Data-based condition monitoring and predictive maintenance of machines and plants has been taking place for years. These measures are always aimed at increasing overall effectiveness and avoiding production downtimes and quality reduction. Currently, expert systems are used in the majority of cases, where the user sets alarm thresholds for certain operating parameters or generates maintenance plans for the components based on operating hours. Due to the constantly increasing complexity, however, the design and efficient configuration of such systems is proving increasingly difficult. In addition, maintenance today should no longer be carried out according to a predefined plan, but rather according to demand.

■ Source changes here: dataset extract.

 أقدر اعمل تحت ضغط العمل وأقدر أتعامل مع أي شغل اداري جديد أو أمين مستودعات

But the ever-increasing complexity and networking of machines in the context of Industry 4.0 also brings advantages: data. The data of the sensors, actuators and process parameters, which are needed to control the process anyway, are available for further use and now form the basis for ML technologies. In this way, data from normal plant operation can be used to learn a model that can be compared with their live data. If deviations from the model occur, this indicates, for example, anomalies in the production process or indicates wear. In addition, it is possible to label special error patterns in the learning data so that they can be detected early on. This approach eliminates the need for manual programming of complex rules and algorithms. In the following, a use case for anomaly detection by a specific model – a hybrid time-based machine on a production machine – is explained.

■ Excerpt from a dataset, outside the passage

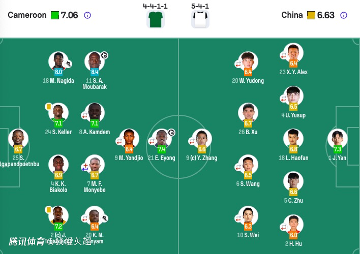 替补未出场:1-努克乌、3-彻·马龙、5-恩贡、6-安比纳、12-恩佐莫、13-永古瓦、16-埃帕西、17-科托、25-奥斯马努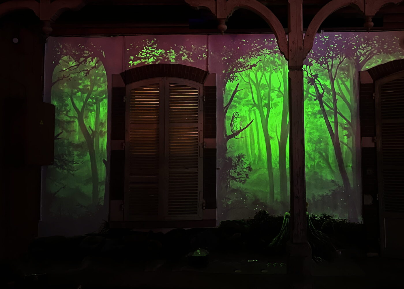 la fresque immersive de SWING LE LAB au parc des Chabrières : une œuvre unique qui mêle peinture murale et lumière, évoluant du jour à la nuit.

Cloud-based learning of a model of normal behavior
The production machine in this Use Case is the so-called “Individual Laser Engraving Unit”, or ILE for short. The machine is used for demonstration purposes for individual laser marking of different products in batch size 1. With the exception of the insertion and removal of the products, it is fully automatic. A programmable logic controller (PLC) is used to automate the production process. It controls a series of drives for handling the products, the laser unit for marking and various other sensors and actuators via the Profinet RT real-time field bus system. The sensors include an energy measuring device that records the energy requirements of the entire system. The fieldbus system runs with a cycle time of 100 milliseconds. The main controller uses a state machine with individual step chains for the different product types and the reference run. The energy consumption of each production step is available due to the energy measurement, which takes place synchronously with the production process via field bus system.

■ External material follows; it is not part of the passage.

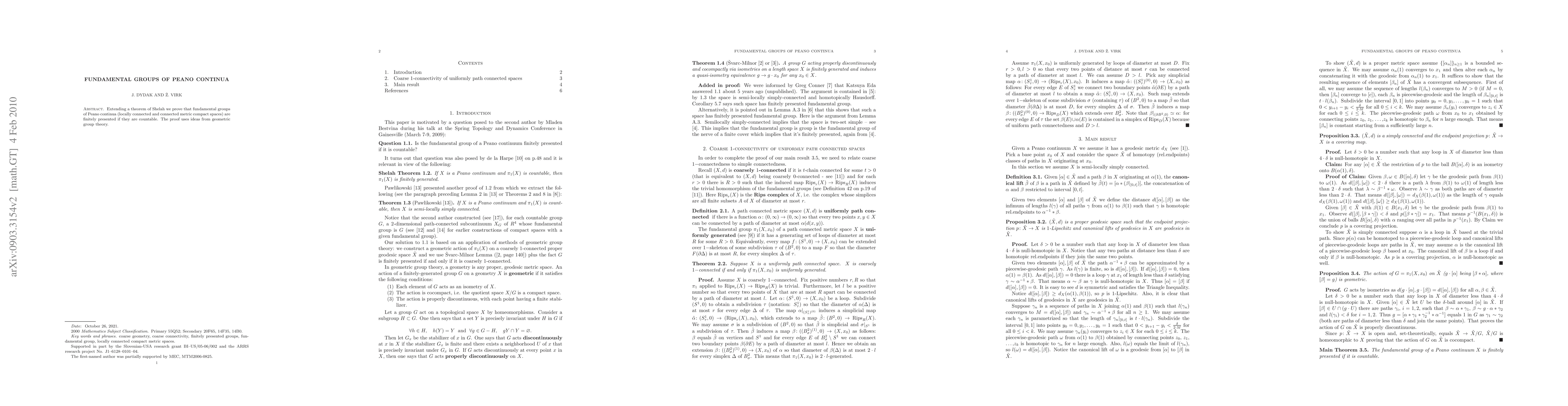 This paper extends Shelah's theorem to show that countable fundamental groups of Peano continua, which are locally connected and compact metric spaces, are finitely presented. The proof leverages techniques from geometric group theory.

In order to detect deviations from the normal production process, a model of normal behavior is to be learned from the generated data. Since the PLC is mainly responsible for controlling the process, the model is learned and anomalies are detected in Proficloud, the cloud system from Phoenix Contact. For secure data transfer to the cloud, another controller, which acts as an edge device, is connected as a Profinet device. The current process step and the associated energy consumption can be forwarded via the process data. The Edge controller samples the data with the same cycle time as the fieldbus system and sends it in blocks to the cloud via a data diode. Figure 1 shows the corresponding block diagram. In the cloud, the data is stored as time series and the model is learned from historical data. The anomaly detection with the learned model is then based on the live data of the ILE. A web dashboard displays the results. Because the manufacturing process is already programmed as a state machine in engineering, the use of hybrid time-based machines as a model for anomaly detection is a good idea.
Figure 1: Block diagram of the Use Case. The connection to the cloud is established via a data diode
Special monitoring of energy consumption and transitions between production steps
In the use case described, the energy consumption depending on the production step and the transitions between the individual production steps are to be monitored in particular. Hybrid time-based automata are suitable for modelling here, as they are very similar to the state machines from engineering. The term “hybrid” refers to the differentiation of different signal and data types. The transitions between the states in the automaton are triggered by discrete events – for example binary switching signals. A separate model depicts continuous or real-valued signals – such as power consumption or temperatures – within a state. Figure 2 shows a simple example with two states.
In principle, the automata consist of several components: A discrete, time-dependent automaton takes over the modeling of the respective states and the transition between the states including the time behavior. Within the different states the continuous behaviour is learned with a wider model. Which model formalism is used within the states is completely independent of the discrete state machine.
Figure 2: Example of a hybrid automaton using a switch-on process
Individual assessment of the anomalies by experts
There are different algorithms for learning such automata. In the presented Use Case, a modified form of OTALA[1] is used, in which the automaton is not learned online, but on historical data. In the Use Case described, the user has direct access to the variables of the state machine in the PLC. The changes of these state variables can be used immediately, because each value corresponds to a defined state or process step. The algorithm learns the occurring states and the possible transitions between the states. Potential times are also learned for each transition. Within the states, relative times are used. If the state changes, the relative time is set to 0. If the state changes again, the minimum and maximum time for the transition is calculated based on the relative time. Within the states a model of the continuous signals can be learned, whereby the model within the states can be arbitrarily complex.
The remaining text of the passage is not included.